The locals seemed familiar to me – they looked exactly like our Iowa farmer neighbors I recall from my youth. Competent, sturdy, self-reliant, handy at fixing anything with whatever is at hand, able to improvise anything, able to roll with whatever nature throws at them. The clutter around the buildings looked exactly like my memory of our farm tool sheds – odds and ends of old machines, piles of lumber and piping, rolls of wire – never throw anything away because one might need it to fix something else someday.

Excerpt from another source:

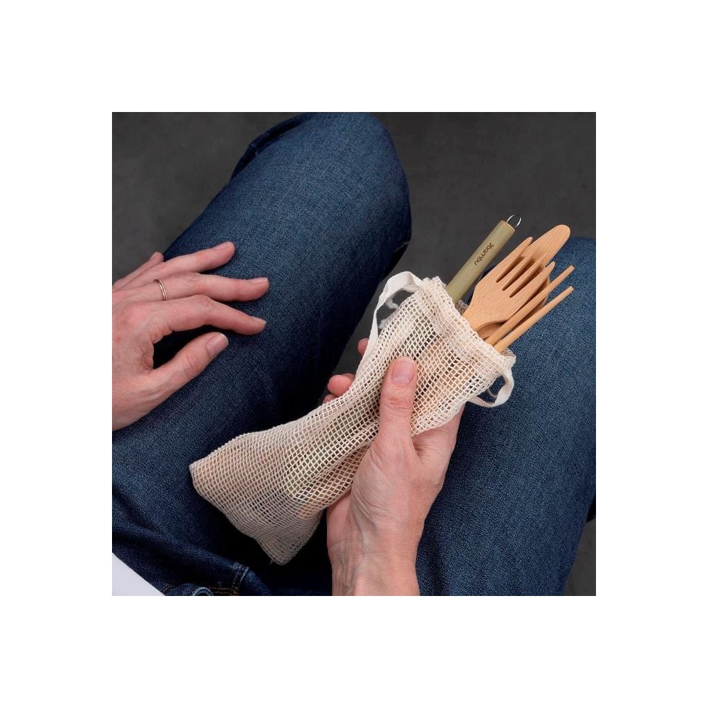Kompletná sada príboru z organického materiálu na vaše cesty okolo sveta alebo na každý deň do kabelky.
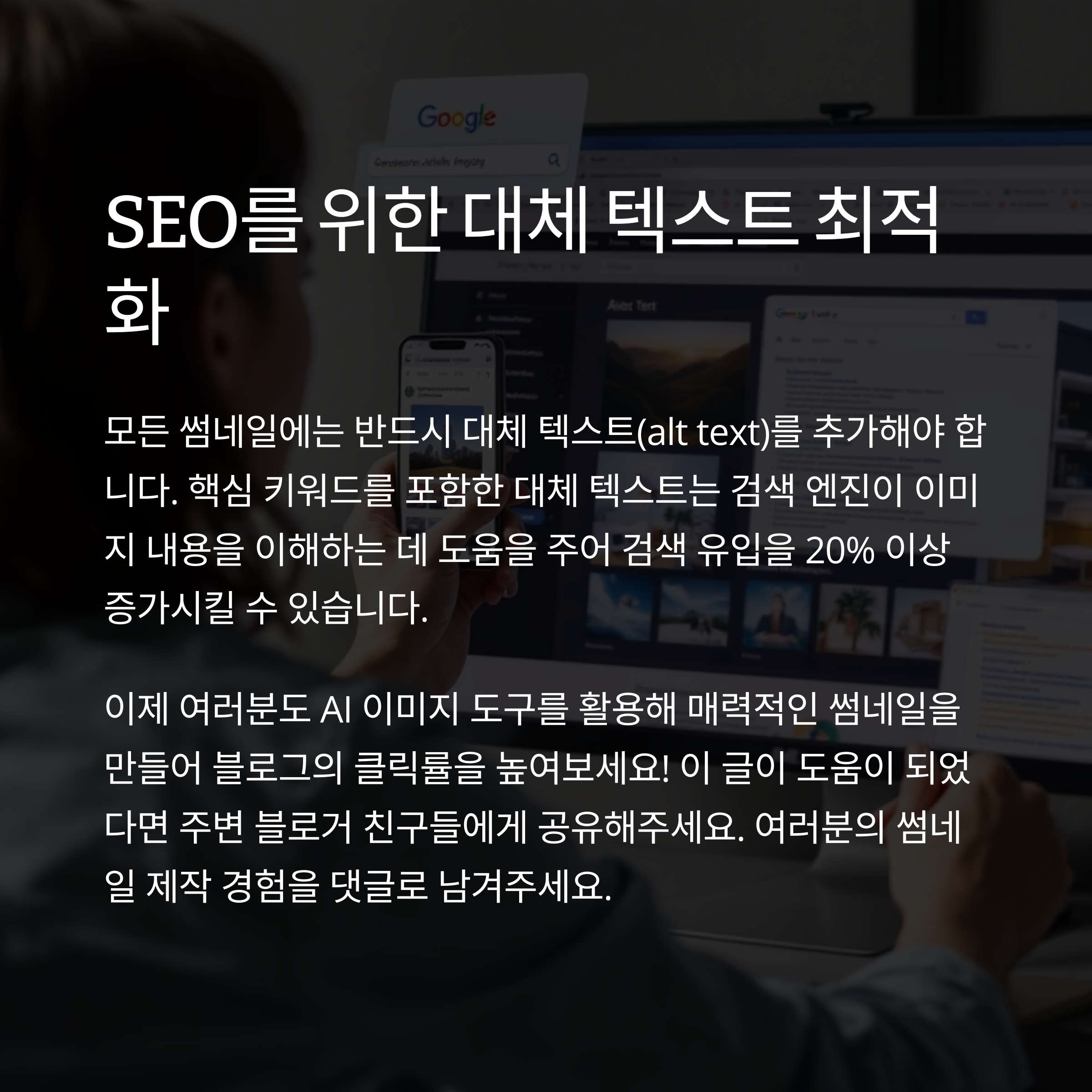 SEO 최적화를 위해 썸네일 이미지에는 반드시 대체 텍스트를 넣어야 해요. 단순히 ‘썸네일 이미지’ 이런 식으로 끝내지 말고, 내용을 반영한 문장을 짧고 구체적으로 적어야 합니다.

The local who was our guide told us that her sons had learned commercial line fishing with their father when they were 10, and were in charge of the lines on one side of the boat (and therefore half of the family income) by the time they were 12. They were now in college, and doing well. Again it reminded me of my youth in Iowa when most children at 12 or 13, boys and girls alike, were able to plow or harrow a field, milk a cow, kill and dress a chicken, adjust the carburetor of a car or gasoline engine, and help fix the siding of a barn. (Those days may be past now that big agribusiness has largely replaced the small farm of my youth.)

The contrast with our comfortable urban life, and the sheltered upbringing of our urban children, was startling, and it reminded me again that nature and history both have a tendency to go through long easy, comfortable periods punctuated by difficult, demanding crises. In the easy periods, all sorts of new species emerge, most overspecialized for their environment. And in the crises most of these overspecialized species become extinct; only the strong, adaptable and self-reliant survive. When our next natural or historical crisis arrives – and it will eventually – I’m betting on these Alaskan outbackers – tempered and hardened by their rugged, independent lifestyle - to be among the survivors.